** INPUT RECORDS **
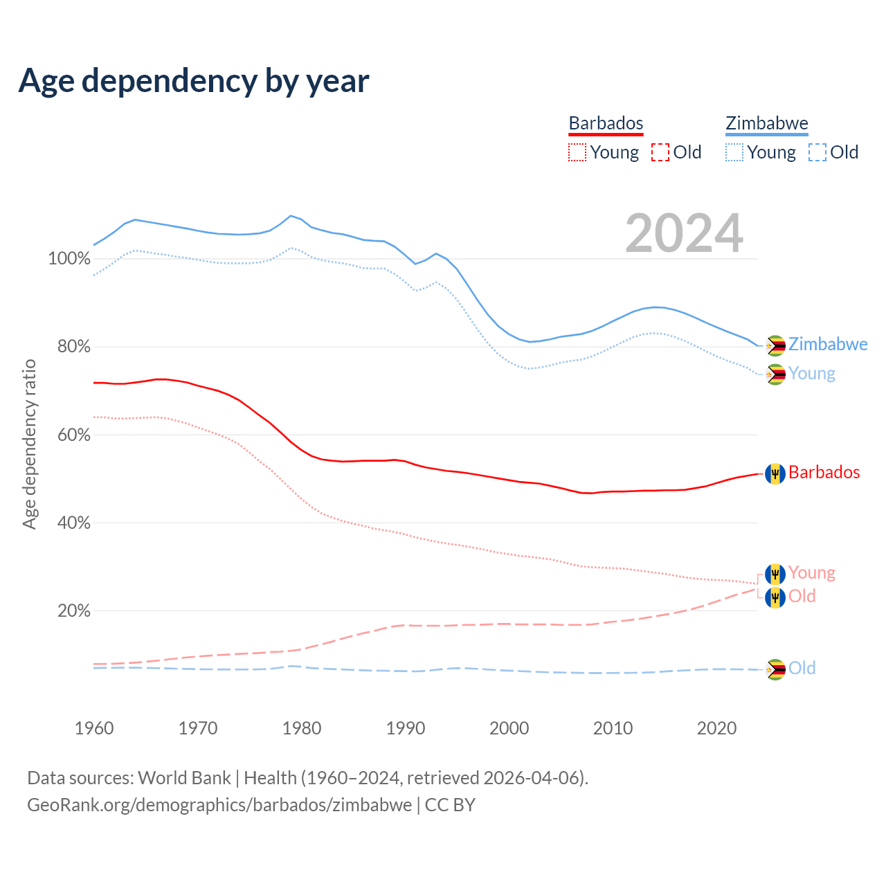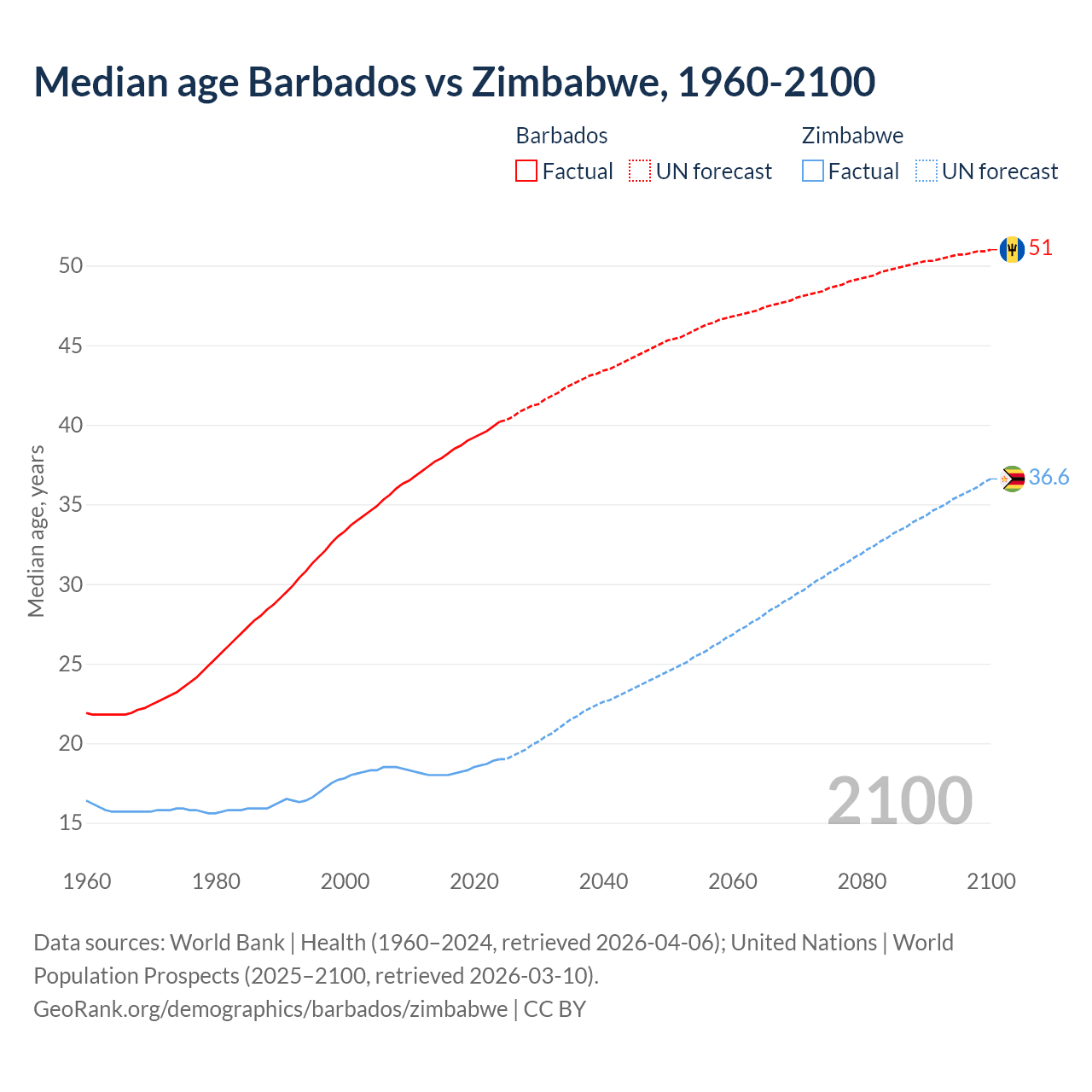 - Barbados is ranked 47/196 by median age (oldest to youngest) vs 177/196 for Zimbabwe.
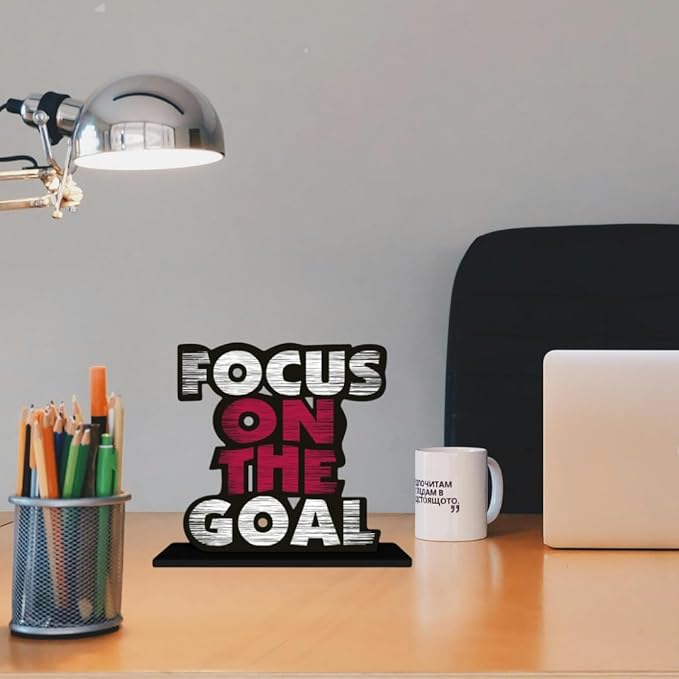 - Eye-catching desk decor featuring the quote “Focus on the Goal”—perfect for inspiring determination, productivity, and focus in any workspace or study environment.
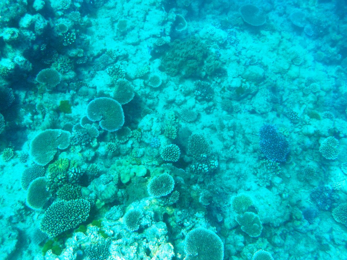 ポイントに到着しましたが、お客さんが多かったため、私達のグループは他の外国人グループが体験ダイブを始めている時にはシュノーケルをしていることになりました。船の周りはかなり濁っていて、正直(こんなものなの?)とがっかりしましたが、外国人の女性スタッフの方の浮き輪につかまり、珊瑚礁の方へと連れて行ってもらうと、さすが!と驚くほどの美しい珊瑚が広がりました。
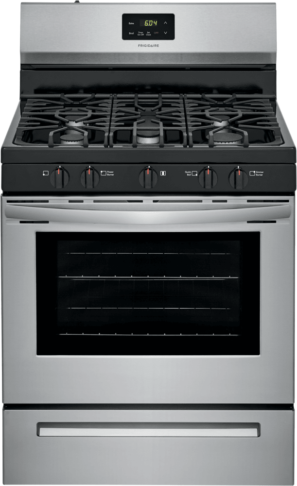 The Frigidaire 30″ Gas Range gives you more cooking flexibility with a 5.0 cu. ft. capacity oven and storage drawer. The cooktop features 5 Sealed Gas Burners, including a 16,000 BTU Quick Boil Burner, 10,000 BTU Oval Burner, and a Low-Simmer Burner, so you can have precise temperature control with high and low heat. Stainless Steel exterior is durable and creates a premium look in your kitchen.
---
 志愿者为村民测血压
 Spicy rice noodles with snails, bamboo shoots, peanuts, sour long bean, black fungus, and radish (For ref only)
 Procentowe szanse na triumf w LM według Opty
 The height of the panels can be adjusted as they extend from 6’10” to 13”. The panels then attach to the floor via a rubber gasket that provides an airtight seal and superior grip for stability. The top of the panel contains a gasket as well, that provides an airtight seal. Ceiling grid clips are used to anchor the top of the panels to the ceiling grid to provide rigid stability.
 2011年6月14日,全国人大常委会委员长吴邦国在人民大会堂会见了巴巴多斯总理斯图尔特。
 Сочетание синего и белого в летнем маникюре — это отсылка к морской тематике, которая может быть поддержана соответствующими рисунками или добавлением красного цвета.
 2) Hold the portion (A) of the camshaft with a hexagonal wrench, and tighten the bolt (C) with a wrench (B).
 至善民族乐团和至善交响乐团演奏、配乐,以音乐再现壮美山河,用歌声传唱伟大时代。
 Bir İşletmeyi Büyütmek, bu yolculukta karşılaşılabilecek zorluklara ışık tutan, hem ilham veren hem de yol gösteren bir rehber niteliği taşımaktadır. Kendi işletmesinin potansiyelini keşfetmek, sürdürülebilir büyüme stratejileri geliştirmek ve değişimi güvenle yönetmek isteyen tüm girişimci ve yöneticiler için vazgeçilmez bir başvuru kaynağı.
...
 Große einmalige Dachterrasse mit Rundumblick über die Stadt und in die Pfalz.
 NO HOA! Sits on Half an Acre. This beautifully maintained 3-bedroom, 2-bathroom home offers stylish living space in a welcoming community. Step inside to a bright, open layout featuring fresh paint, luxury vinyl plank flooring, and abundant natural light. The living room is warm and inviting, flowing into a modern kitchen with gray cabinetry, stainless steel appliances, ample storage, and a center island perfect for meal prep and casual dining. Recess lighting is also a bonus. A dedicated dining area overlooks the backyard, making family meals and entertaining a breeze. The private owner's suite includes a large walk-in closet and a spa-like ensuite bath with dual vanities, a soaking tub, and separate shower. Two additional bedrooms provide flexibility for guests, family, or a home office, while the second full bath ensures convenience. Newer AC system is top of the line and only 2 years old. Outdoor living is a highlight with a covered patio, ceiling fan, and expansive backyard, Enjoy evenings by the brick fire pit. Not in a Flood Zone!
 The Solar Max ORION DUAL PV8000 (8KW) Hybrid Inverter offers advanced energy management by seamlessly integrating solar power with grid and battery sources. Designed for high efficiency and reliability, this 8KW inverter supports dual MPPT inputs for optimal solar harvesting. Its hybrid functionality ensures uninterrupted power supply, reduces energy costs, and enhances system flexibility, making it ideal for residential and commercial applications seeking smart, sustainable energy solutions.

** THE TASK **
Transcribe, exactly and without pictures, everything in the data from the line with "- Barbados is" down to the line with "- Eye-catching desk", both included.

** SOLVED PROBLEM **
 - Barbados is ranked 47/196 by median age (oldest to youngest) vs 177/196 for Zimbabwe.
 - Eye-catching desk decor featuring the quote “Focus on the Goal”—perfect for inspiring determination, productivity, and focus in any workspace or study environment.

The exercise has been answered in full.